▶ **PROBLEM DESCRIPTION**: Once you reach the line with "会计学系系主任李虹教授、教学" below, copy each line exactly, stopping after the line with "パン(水鉢):幅500×奥行400×高さ130 ・重量:立水栓(kg):11 パン(水鉢):11", and skip any pictures.

▶ **GIVEN DATA**:
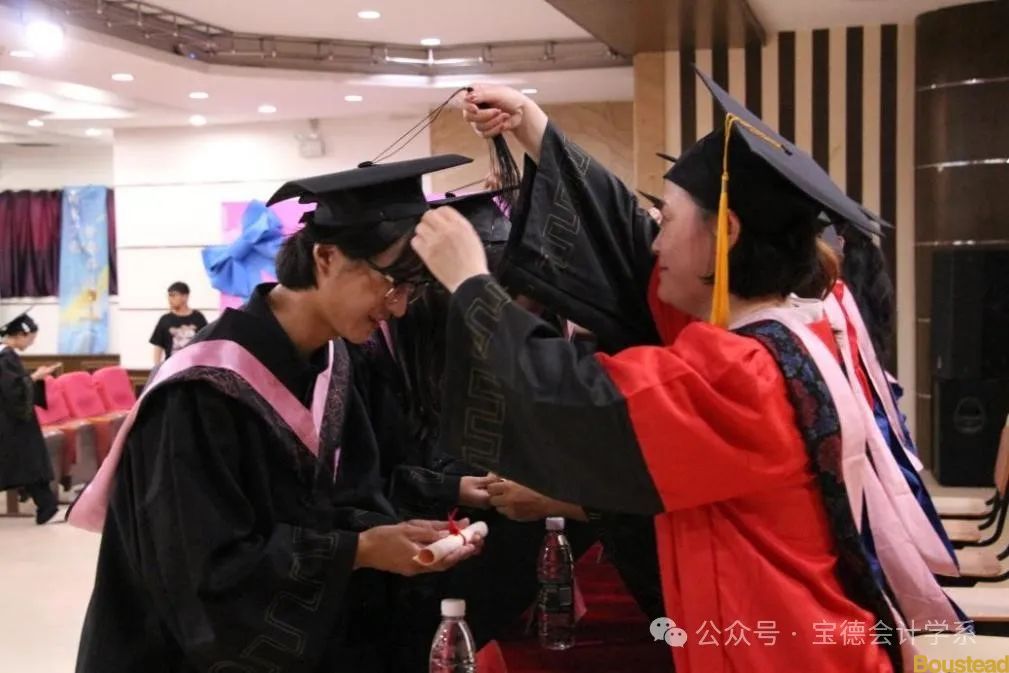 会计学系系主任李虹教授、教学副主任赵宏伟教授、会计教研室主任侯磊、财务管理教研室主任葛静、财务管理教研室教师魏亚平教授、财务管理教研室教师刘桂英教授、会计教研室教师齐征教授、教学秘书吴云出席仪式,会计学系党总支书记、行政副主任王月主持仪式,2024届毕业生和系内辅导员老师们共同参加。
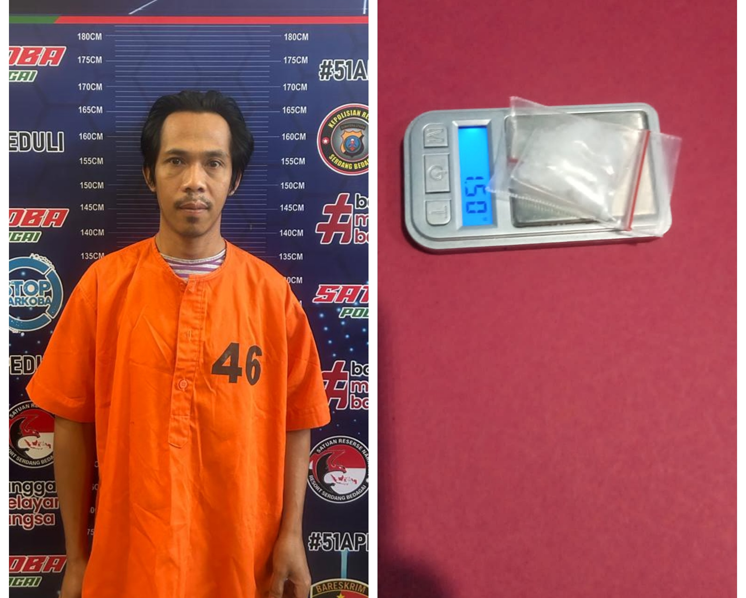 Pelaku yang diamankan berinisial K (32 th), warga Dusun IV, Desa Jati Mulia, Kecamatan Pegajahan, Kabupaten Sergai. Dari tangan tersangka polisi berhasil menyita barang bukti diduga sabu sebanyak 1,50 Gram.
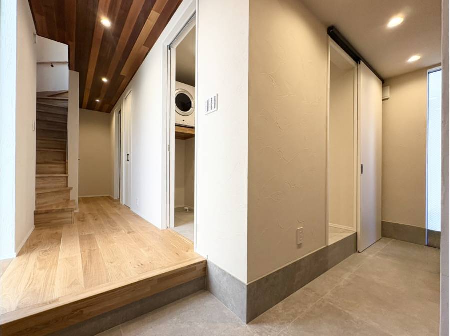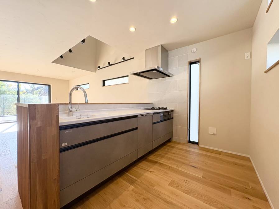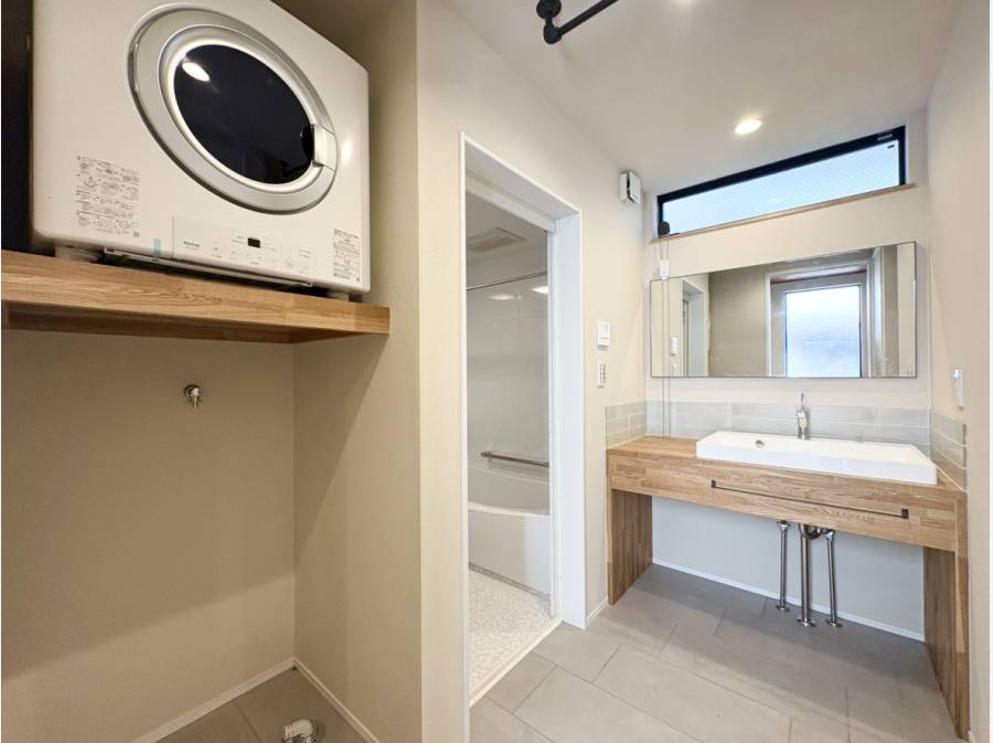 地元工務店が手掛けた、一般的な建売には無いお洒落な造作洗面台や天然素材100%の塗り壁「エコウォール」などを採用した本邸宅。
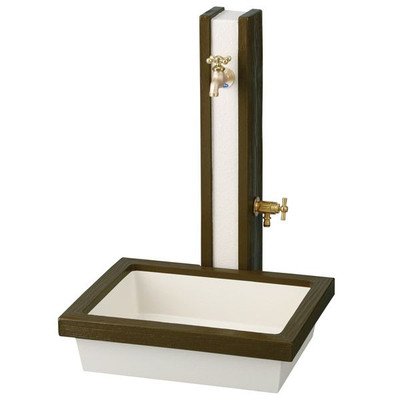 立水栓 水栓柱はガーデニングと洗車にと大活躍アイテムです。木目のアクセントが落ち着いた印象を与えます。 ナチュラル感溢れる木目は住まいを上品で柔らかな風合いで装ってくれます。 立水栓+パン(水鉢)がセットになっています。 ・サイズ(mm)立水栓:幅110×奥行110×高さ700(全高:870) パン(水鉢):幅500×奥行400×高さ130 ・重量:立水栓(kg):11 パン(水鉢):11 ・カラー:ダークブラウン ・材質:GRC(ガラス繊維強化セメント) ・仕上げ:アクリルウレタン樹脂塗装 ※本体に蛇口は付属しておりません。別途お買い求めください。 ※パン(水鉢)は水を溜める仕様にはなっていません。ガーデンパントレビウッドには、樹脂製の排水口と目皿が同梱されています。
--
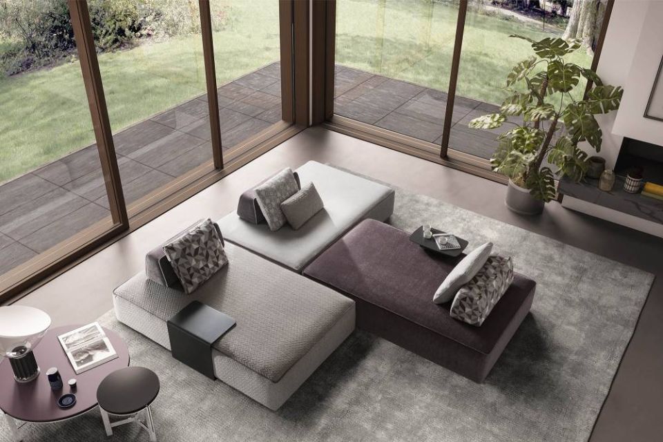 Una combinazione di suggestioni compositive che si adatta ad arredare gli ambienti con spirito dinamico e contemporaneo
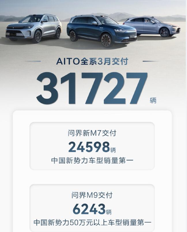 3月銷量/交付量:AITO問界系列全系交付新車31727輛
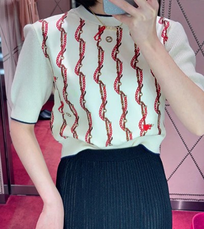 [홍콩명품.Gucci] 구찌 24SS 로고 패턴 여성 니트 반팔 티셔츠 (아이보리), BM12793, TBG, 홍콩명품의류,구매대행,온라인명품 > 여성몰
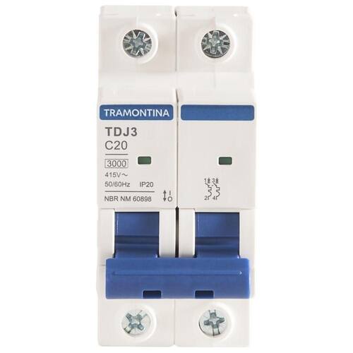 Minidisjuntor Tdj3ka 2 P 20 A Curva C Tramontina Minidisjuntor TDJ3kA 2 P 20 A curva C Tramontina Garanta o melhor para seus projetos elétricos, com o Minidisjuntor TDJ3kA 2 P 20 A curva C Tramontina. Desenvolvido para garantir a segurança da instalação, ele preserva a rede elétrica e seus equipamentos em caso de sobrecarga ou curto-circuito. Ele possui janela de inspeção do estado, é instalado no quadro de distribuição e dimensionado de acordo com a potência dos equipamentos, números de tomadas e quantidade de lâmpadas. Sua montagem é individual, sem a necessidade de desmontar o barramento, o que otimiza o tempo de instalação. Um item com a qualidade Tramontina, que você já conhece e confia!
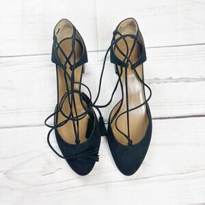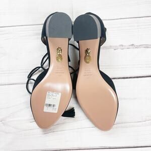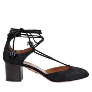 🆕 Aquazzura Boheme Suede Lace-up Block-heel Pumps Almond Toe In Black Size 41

▶ **EXERCISE RESULT**:
 会计学系系主任李虹教授、教学副主任赵宏伟教授、会计教研室主任侯磊、财务管理教研室主任葛静、财务管理教研室教师魏亚平教授、财务管理教研室教师刘桂英教授、会计教研室教师齐征教授、教学秘书吴云出席仪式,会计学系党总支书记、行政副主任王月主持仪式,2024届毕业生和系内辅导员老师们共同参加。
 Pelaku yang diamankan berinisial K (32 th), warga Dusun IV, Desa Jati Mulia, Kecamatan Pegajahan, Kabupaten Sergai. Dari tangan tersangka polisi berhasil menyita barang bukti diduga sabu sebanyak 1,50 Gram.
 地元工務店が手掛けた、一般的な建売には無いお洒落な造作洗面台や天然素材100%の塗り壁「エコウォール」などを採用した本邸宅。
 立水栓 水栓柱はガーデニングと洗車にと大活躍アイテムです。木目のアクセントが落ち着いた印象を与えます。 ナチュラル感溢れる木目は住まいを上品で柔らかな風合いで装ってくれます。 立水栓+パン(水鉢)がセットになっています。 ・サイズ(mm)立水栓:幅110×奥行110×高さ700(全高:870) パン(水鉢):幅500×奥行400×高さ130 ・重量:立水栓(kg):11 パン(水鉢):11 ・カラー:ダークブラウン ・材質:GRC(ガラス繊維強化セメント) ・仕上げ:アクリルウレタン樹脂塗装 ※本体に蛇口は付属しておりません。別途お買い求めください。 ※パン(水鉢)は水を溜める仕様にはなっていません。ガーデンパントレビウッドには、樹脂製の排水口と目皿が同梱されています。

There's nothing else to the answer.